• About this exercise: Could you retype the material, starting at its first line and ending with the line holding "Stabiler Handtuchspender für", and keep the pictures out?

• The data:
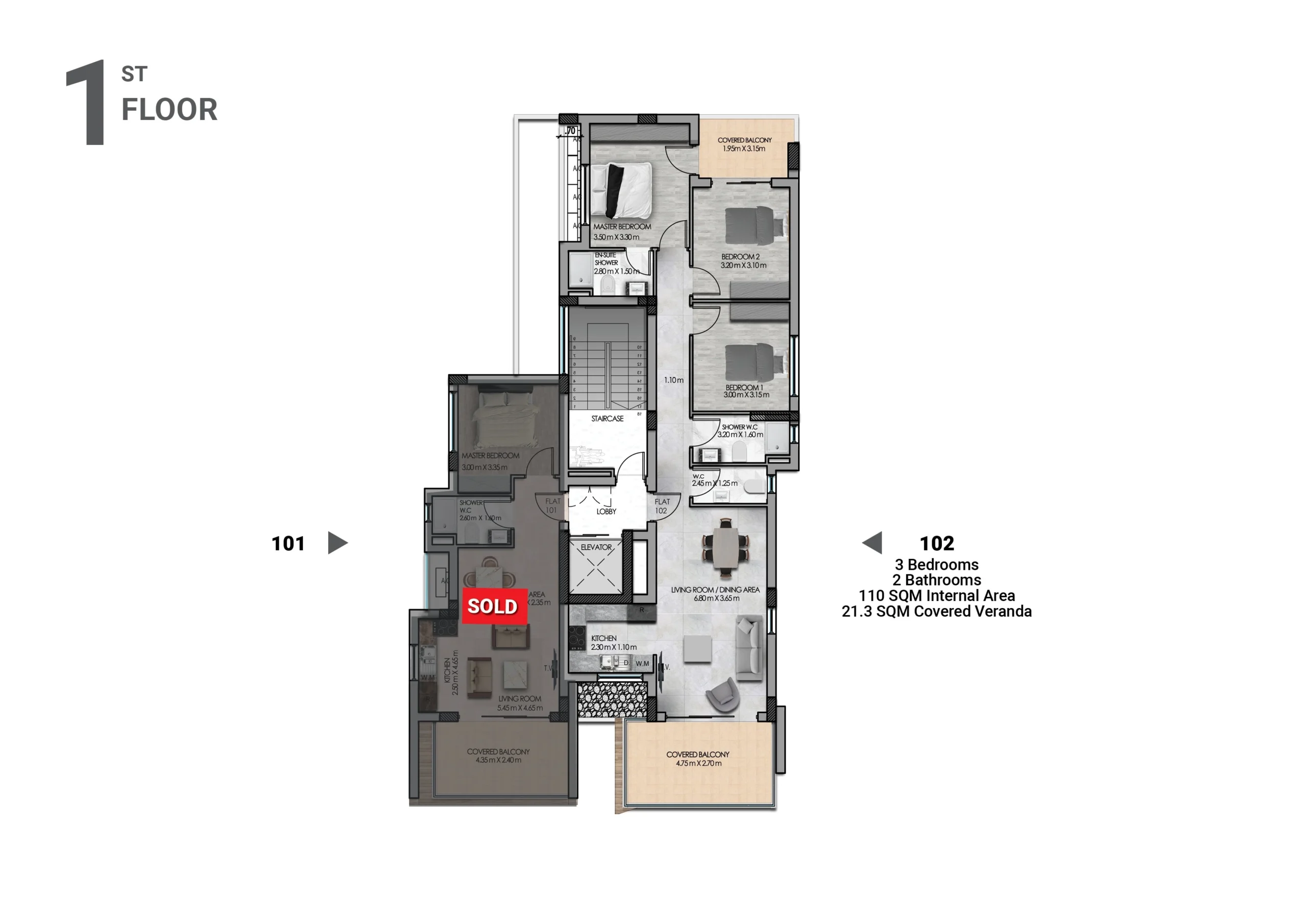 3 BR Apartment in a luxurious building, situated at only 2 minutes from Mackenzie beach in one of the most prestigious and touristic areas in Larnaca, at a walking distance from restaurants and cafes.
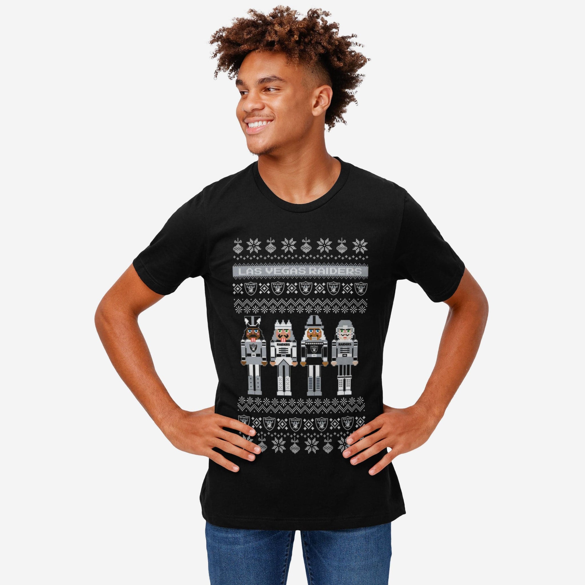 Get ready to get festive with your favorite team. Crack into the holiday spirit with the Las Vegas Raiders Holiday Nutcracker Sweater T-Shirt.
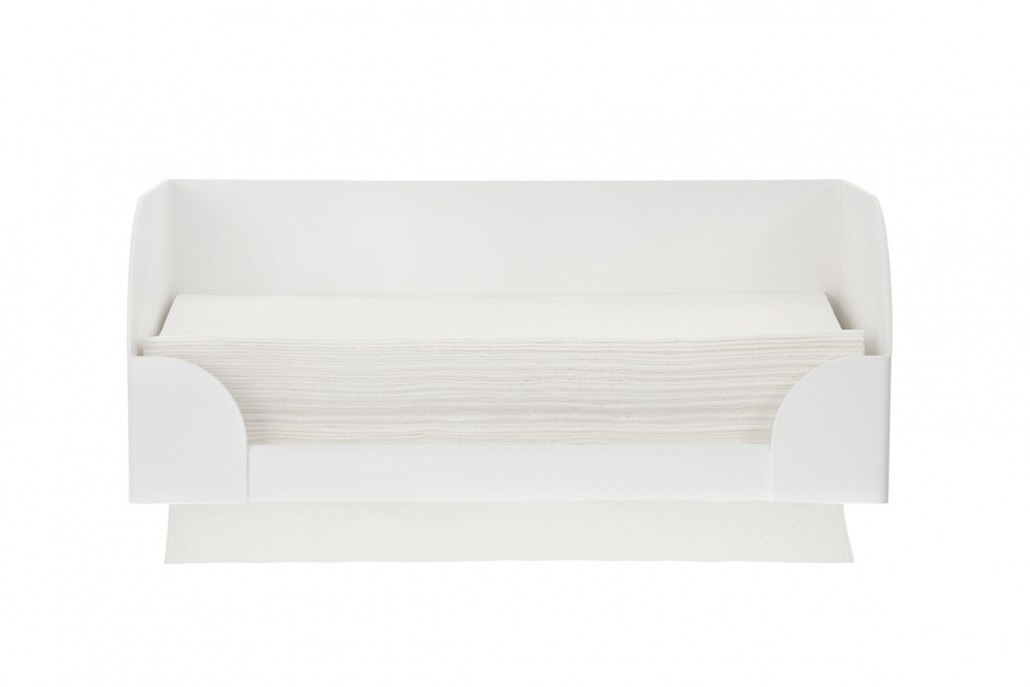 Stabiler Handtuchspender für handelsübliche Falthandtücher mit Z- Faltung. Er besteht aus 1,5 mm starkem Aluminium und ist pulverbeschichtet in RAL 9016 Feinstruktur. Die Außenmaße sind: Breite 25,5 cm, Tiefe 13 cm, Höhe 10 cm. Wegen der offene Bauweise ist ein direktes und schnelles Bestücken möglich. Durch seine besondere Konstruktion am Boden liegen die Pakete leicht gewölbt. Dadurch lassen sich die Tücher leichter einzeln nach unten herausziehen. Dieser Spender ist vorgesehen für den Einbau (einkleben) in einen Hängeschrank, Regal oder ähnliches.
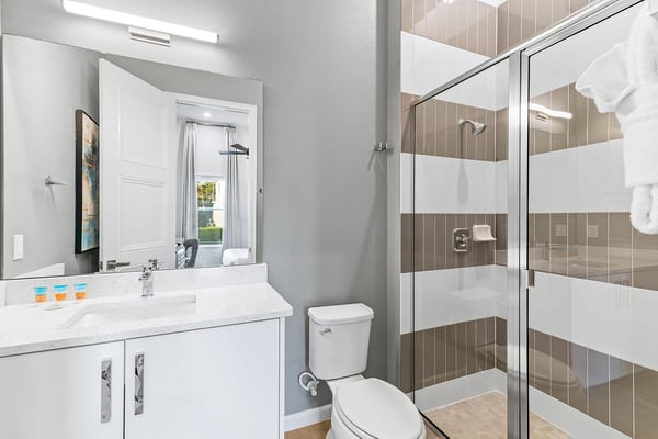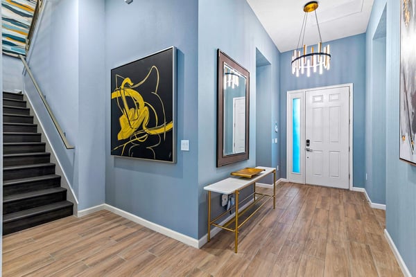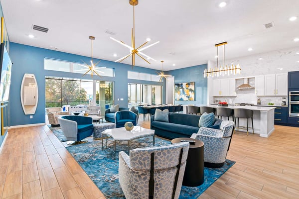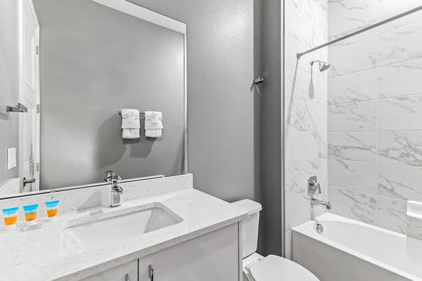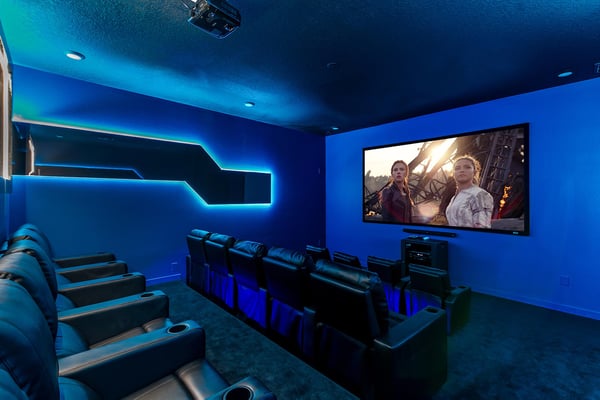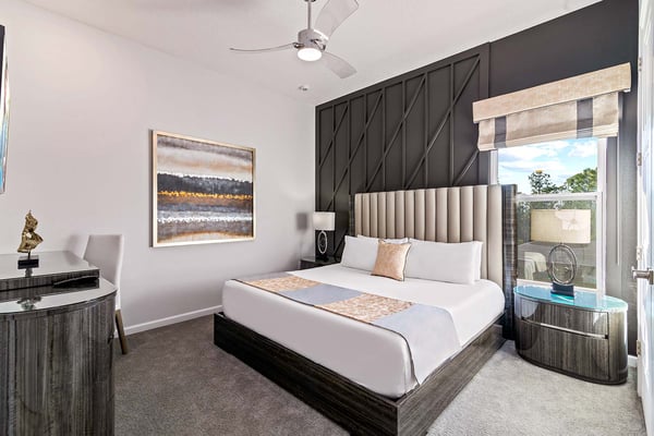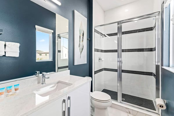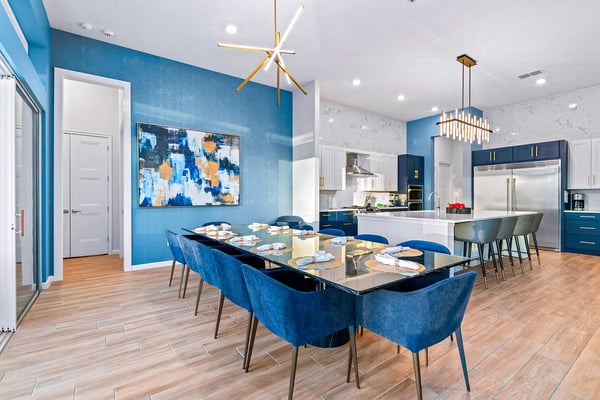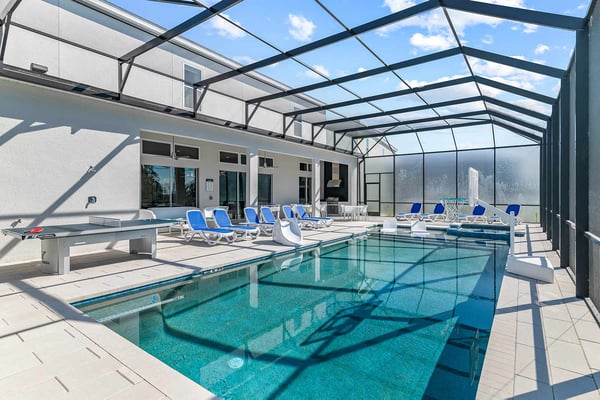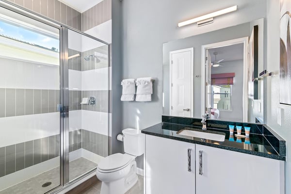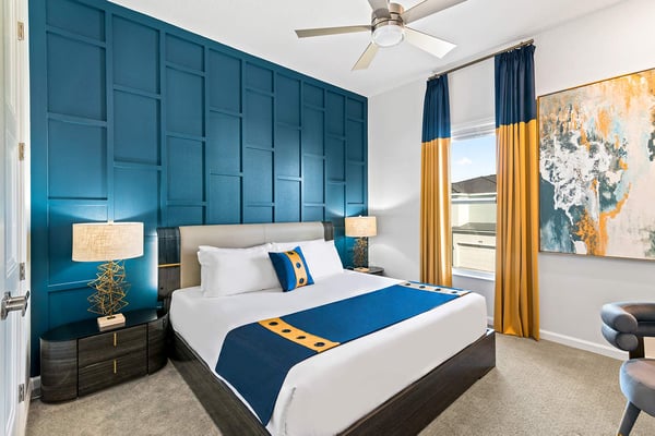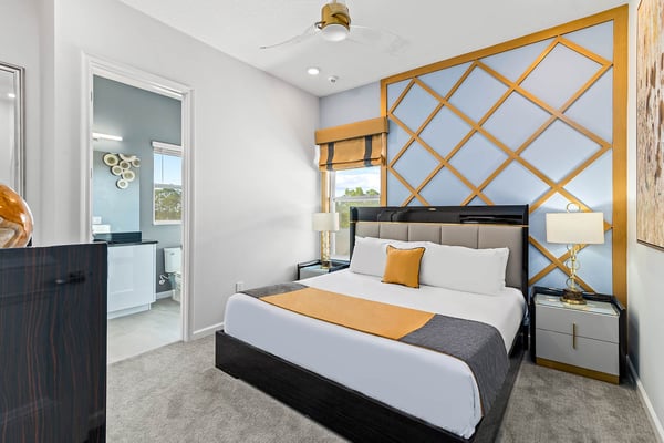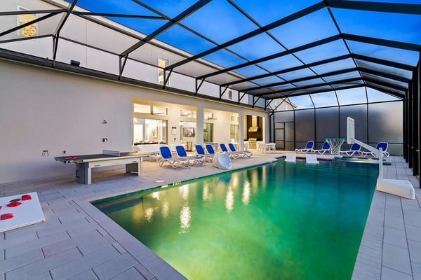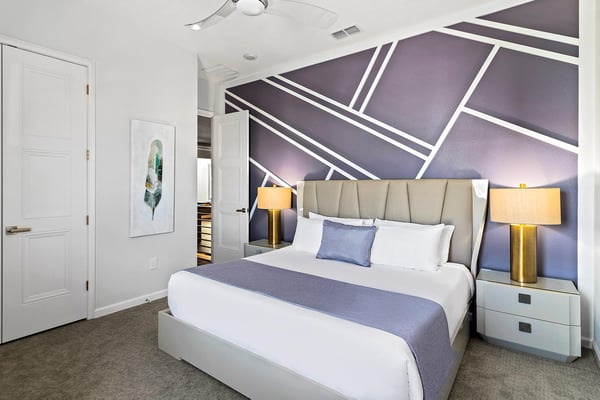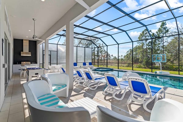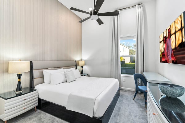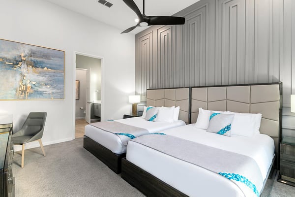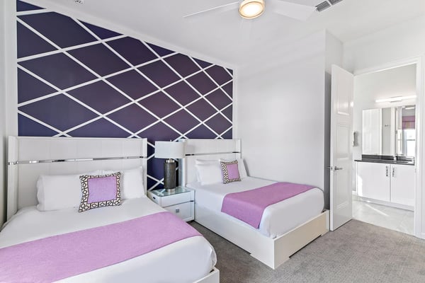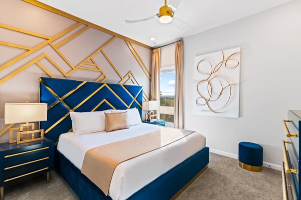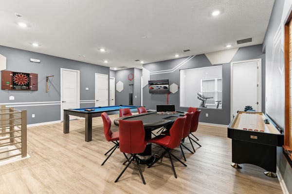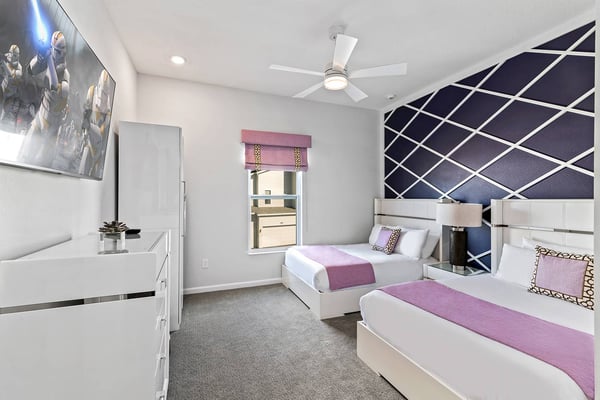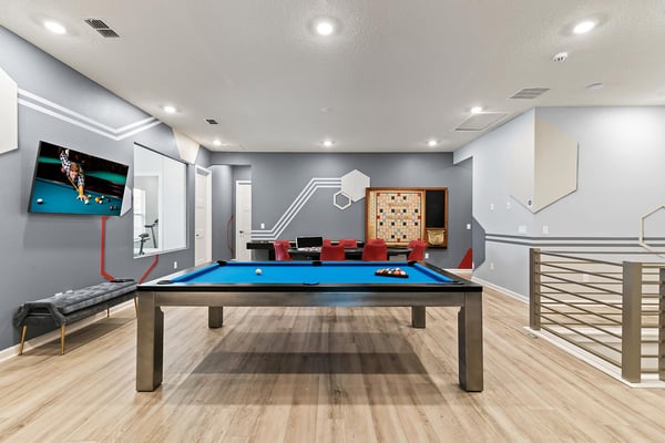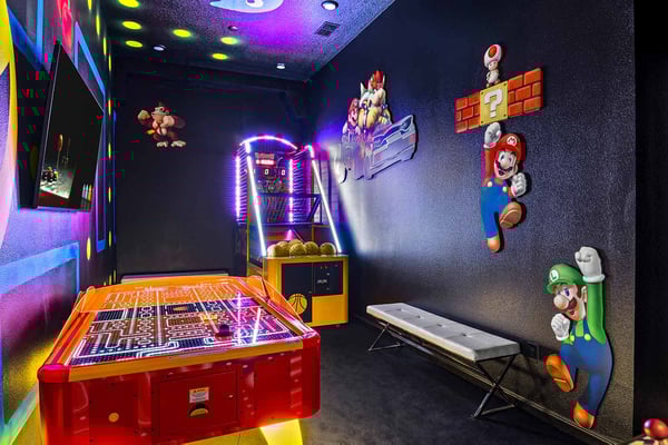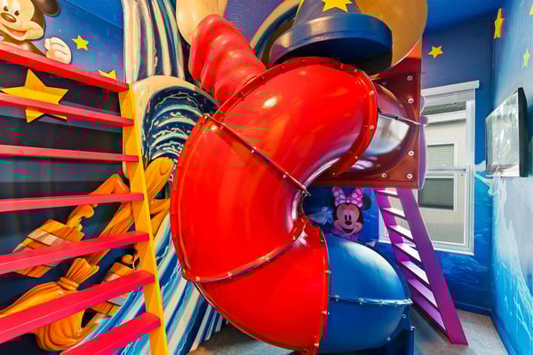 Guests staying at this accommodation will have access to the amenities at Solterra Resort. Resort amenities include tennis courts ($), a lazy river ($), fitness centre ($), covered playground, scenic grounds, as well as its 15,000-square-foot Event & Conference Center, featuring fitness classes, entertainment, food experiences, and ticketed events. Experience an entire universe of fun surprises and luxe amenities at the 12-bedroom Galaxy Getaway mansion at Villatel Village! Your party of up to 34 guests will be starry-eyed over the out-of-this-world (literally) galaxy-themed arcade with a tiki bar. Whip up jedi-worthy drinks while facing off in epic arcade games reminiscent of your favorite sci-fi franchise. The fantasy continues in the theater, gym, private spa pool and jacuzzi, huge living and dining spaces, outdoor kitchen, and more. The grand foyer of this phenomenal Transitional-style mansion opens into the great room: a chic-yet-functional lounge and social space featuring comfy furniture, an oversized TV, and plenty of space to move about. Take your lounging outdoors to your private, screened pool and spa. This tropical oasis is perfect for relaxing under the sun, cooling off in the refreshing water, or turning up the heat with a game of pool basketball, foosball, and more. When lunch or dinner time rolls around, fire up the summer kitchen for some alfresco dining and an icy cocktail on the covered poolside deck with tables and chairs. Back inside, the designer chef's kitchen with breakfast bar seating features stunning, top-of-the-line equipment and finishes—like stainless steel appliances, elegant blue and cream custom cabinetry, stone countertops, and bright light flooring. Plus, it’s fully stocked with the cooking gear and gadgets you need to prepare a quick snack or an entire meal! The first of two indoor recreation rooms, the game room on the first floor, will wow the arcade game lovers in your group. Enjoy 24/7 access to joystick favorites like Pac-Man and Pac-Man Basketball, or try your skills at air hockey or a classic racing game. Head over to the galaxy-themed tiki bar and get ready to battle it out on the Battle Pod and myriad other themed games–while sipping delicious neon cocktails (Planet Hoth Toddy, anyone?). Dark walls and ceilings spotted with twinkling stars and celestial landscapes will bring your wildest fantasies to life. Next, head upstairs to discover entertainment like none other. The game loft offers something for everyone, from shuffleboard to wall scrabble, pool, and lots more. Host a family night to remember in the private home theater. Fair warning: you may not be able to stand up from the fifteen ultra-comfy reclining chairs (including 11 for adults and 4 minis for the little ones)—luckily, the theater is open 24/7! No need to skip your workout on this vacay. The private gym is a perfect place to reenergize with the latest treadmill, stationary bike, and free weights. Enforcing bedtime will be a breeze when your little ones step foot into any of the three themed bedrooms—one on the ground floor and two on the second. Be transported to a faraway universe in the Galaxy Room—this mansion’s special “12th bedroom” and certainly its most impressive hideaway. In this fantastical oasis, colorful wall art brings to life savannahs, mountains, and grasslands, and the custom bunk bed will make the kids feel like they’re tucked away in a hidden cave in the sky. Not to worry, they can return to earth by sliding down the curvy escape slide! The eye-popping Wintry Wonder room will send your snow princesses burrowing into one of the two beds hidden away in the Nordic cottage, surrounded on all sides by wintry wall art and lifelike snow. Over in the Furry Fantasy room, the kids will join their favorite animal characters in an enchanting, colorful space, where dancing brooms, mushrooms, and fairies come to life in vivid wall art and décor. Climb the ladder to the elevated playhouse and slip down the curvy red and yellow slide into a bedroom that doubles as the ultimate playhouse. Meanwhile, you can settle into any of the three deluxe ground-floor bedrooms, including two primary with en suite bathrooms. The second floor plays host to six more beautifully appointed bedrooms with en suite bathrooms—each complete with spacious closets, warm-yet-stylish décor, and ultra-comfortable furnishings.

• Exercise answer:
 3 BR Apartment in a luxurious building, situated at only 2 minutes from Mackenzie beach in one of the most prestigious and touristic areas in Larnaca, at a walking distance from restaurants and cafes.
 Get ready to get festive with your favorite team. Crack into the holiday spirit with the Las Vegas Raiders Holiday Nutcracker Sweater T-Shirt.
 Stabiler Handtuchspender für handelsübliche Falthandtücher mit Z- Faltung. Er besteht aus 1,5 mm starkem Aluminium und ist pulverbeschichtet in RAL 9016 Feinstruktur. Die Außenmaße sind: Breite 25,5 cm, Tiefe 13 cm, Höhe 10 cm. Wegen der offene Bauweise ist ein direktes und schnelles Bestücken möglich. Durch seine besondere Konstruktion am Boden liegen die Pakete leicht gewölbt. Dadurch lassen sich die Tücher leichter einzeln nach unten herausziehen. Dieser Spender ist vorgesehen für den Einbau (einkleben) in einen Hängeschrank, Regal oder ähnliches.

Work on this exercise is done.